Given very good, low-friction, bearings and a strong PM field, a three-cup anemometer vane attached to the motor shaft should produce a measurable output signal, even at very small wind velocities. How small depends on how "easy" it is to turn the motor shaft when wind blows on the anemometer cups. At some low wind velocity insufficient torque will be developed by the anemometer vanes to turn the motor shaft.

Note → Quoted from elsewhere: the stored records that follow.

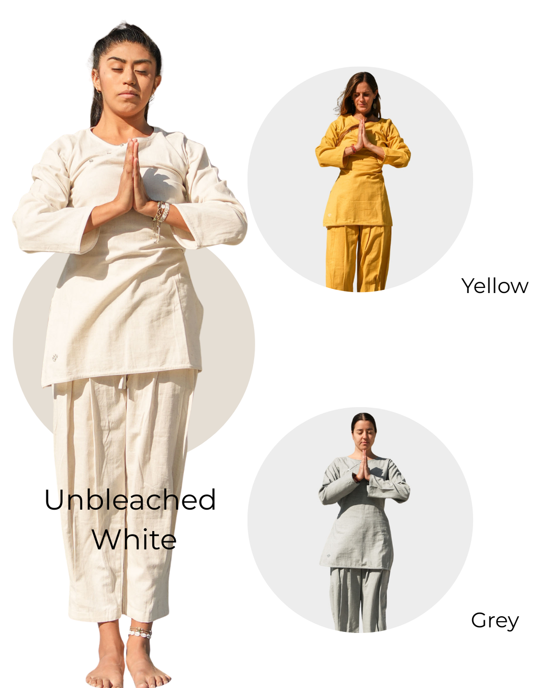 The top with its long silhouette and baggy pants with its narrow ankles ensure ease as you move through various asanas and inversions.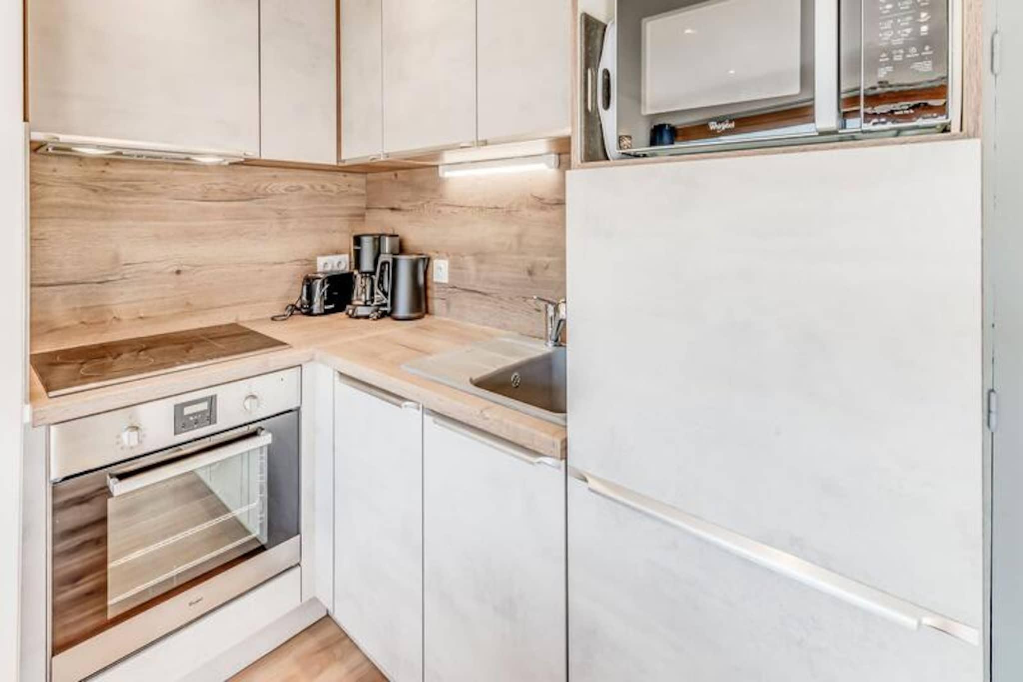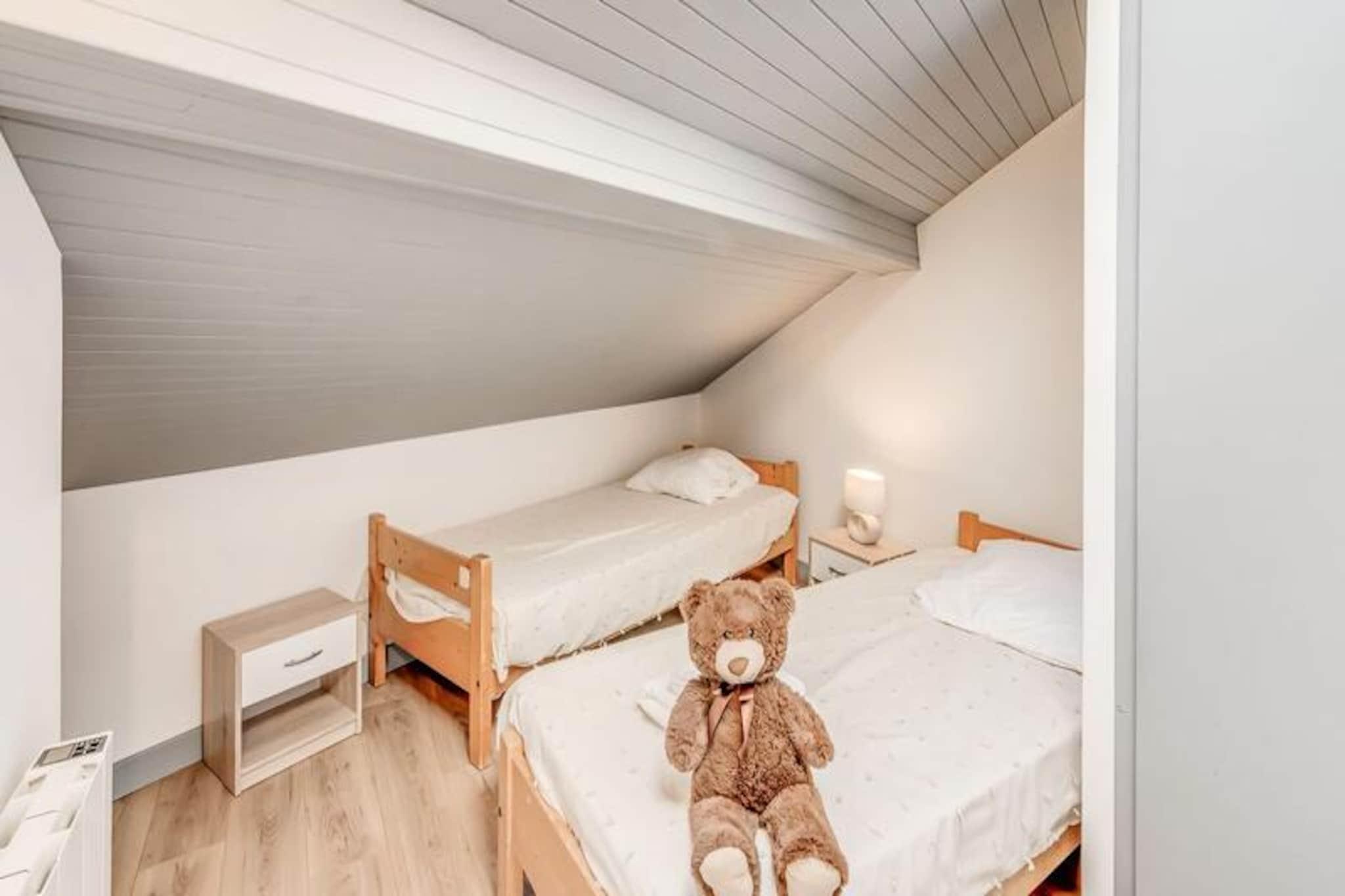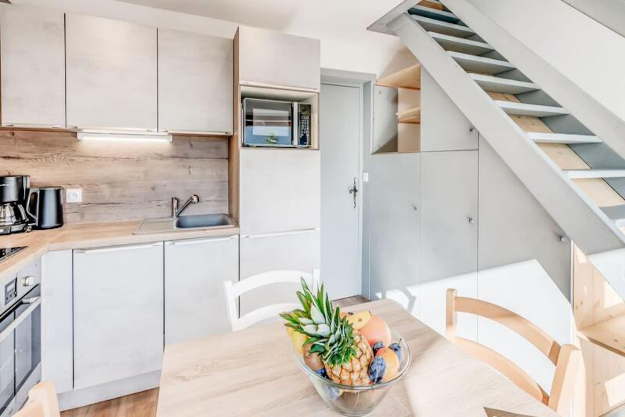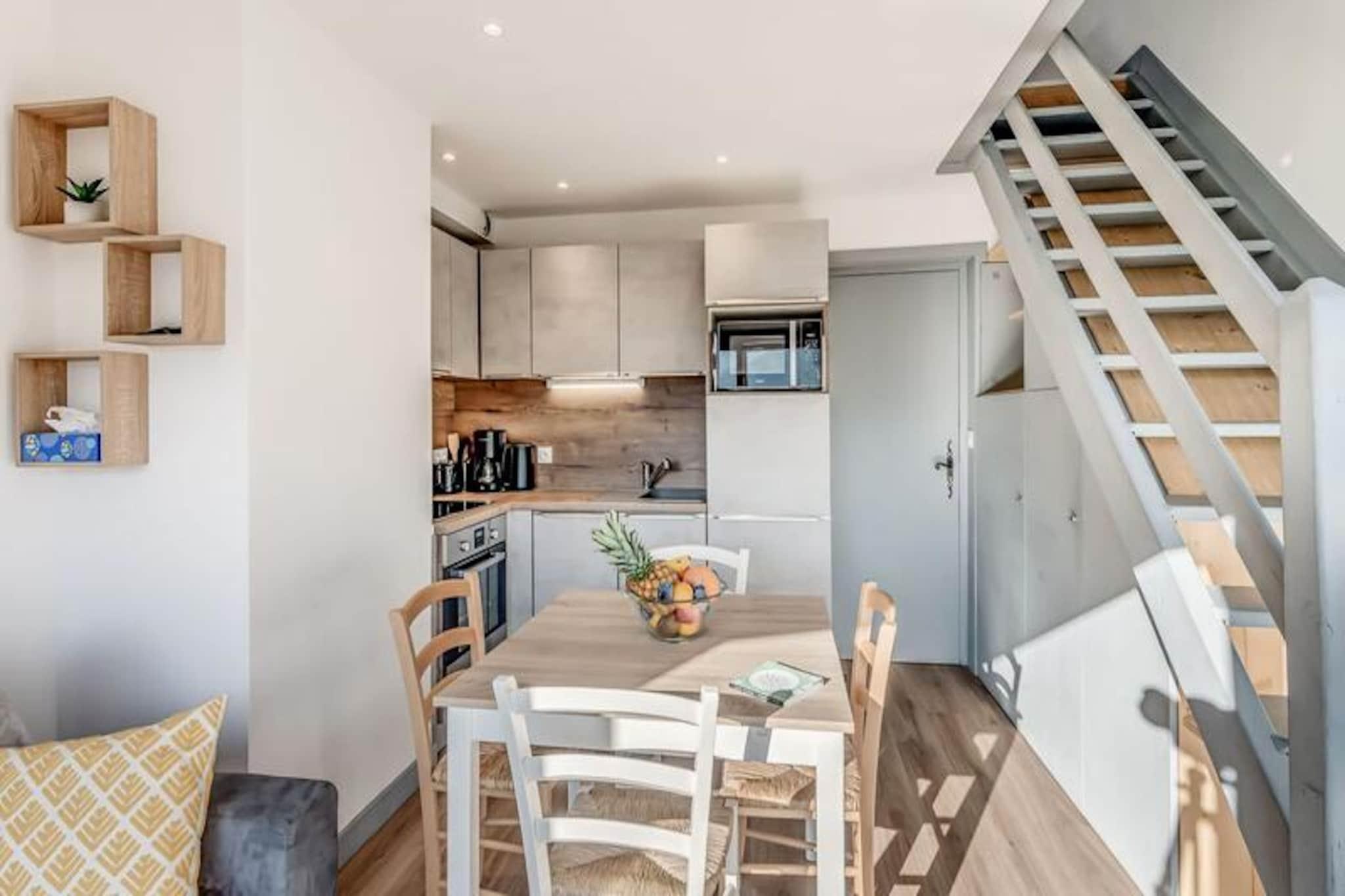 Denne charmerende duplex-lejlighed tilbyder et behageligt ophold for 4-6 gæster, med to soveværelser og en sovesofa i stuen. Det første soveværelse har en dobbeltseng, mens det andet soveværelse er udstyret med to enkeltsenge. Lejligheden er designet med moderne møbler, herunder tv og spiseplads. Nyd luksusen ved hoteltjenester såsom sengetøj, håndklæder og slutrengøring (undtagen køkkenet). Bemærk venligst, at kæledyr ikke er tilladt, og lejligheden er ikke-ryger. Der kræves et depositum, og yderligere tjenester såsom Wi-Fi og babyudstyr er tilgængelige mod et ekstra gebyr. Lejligheden er bekvemt beliggende i hjertet af landsbyen og tilbyder nem adgang til lokale attraktioner. Kun en kort gåtur fra den offentlige elevator finder du gondolen og ESF-skiskolen. Alle vigtige butikker, herunder caféer, restauranter og markeder, er i nærheden, så du kan udforske den pulserende landsbyatmosfære. Den sydvestvendte lejlighed har en uhindret udsigt over de omkringliggende bjerge, perfekt til dem, der nyder naturskønne landskaber. Lejlighedens veludstyrede køkken omfatter ovn, mikroovn, opvaskemaskine, stort køleskab, kaffemaskine, brødrister og kedel, hvilket sikrer, at du nemt kan tilberede måltider. Badeværelset har bruseniche, håndvask og toilet. Den rummelige, møblerede balkon giver dig mulighed for at slappe af og nyde den friske bjergluft, hvilket fuldender det hyggelige og funktionelle opholdsrum.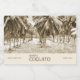 Our personalised mini bottle labels design feature a coconut palm tree farm image in sepia brown, for an old world and traditional feel combined with simple and modern custom text, perfect for your Coquito bottles, a traditional Puerto Rican coconut drink for Christmas and the holidays!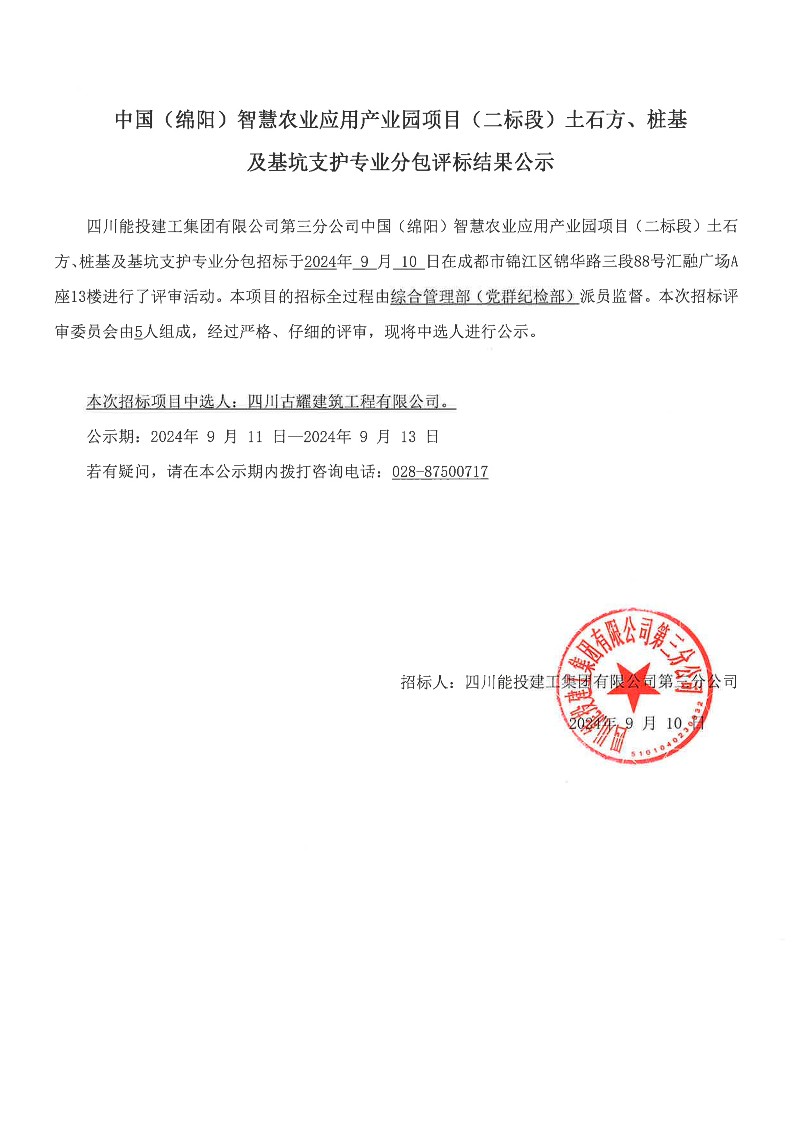 中国(绵阳)智慧农业应用产业园项目(二标段)土石方、桩基及基坑支护专业分包结果公示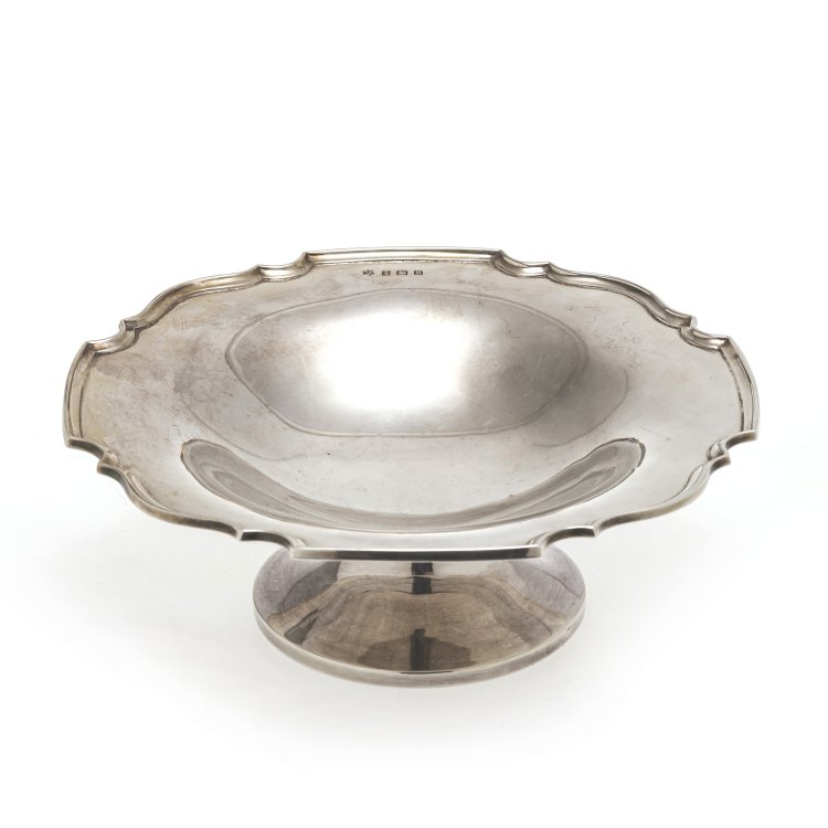 Birmingham, 1936, Firma "W.N. Ltd." Silber (Sterling). Vierpassiger, fassonierter Rand. BZ, MZ, Feingehaltsmarke. Ca. 180 g. H. 7 cm, ø 17 cm.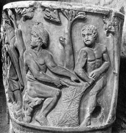 «Rings um uns hoben sich die Leiber aus dem Stein, zusammengedrängt zu Gruppen, ineinander verschlungen oder zu Fragmenten zersprengt, mit einem Torso, einem aufgestützten Arm, einer geborstnen Hüfte, einem verschorften Brocken ihre Gestalt andeutend, immer in den Gebärden des Kampfs, ausweichend, zurückschnellend, angreifend, sich deckend, hochgestreckt oder gekrümmt, hier und da ausgelöscht, doch noch mit einem freistehenden vorgestemmten Fuss, einem gedrehten Rücken, der Kontur einer Wade eingespannt in eine einzige gemeinsame Bewegung. Ein riesiges Ringen, auftauchend aus der grauen Wand, sich erinnernd an seine Vollendung, zurücksinkend zur Formlosigkeit...»

Of course there is also the possibility that what little signal does exist, prior to the motor shaft ceasing its rotation, is buried so far into the noise floor that it is not measurable. All sensors exhibit this problem... there is always a minimal detectable signal. If that minimum isn't small enough (insufficient sensor sensitivity), then either a different sensor is required, or more signal amplification may be necessary. Unfortunately, for signals below the noise floor, amplification amplifies the noise too, so there is no net gain in signal-to-noise ratio. It is beyond the scope of this comment to explain how to improve this situation by adding intelligence (modulation) to the signal.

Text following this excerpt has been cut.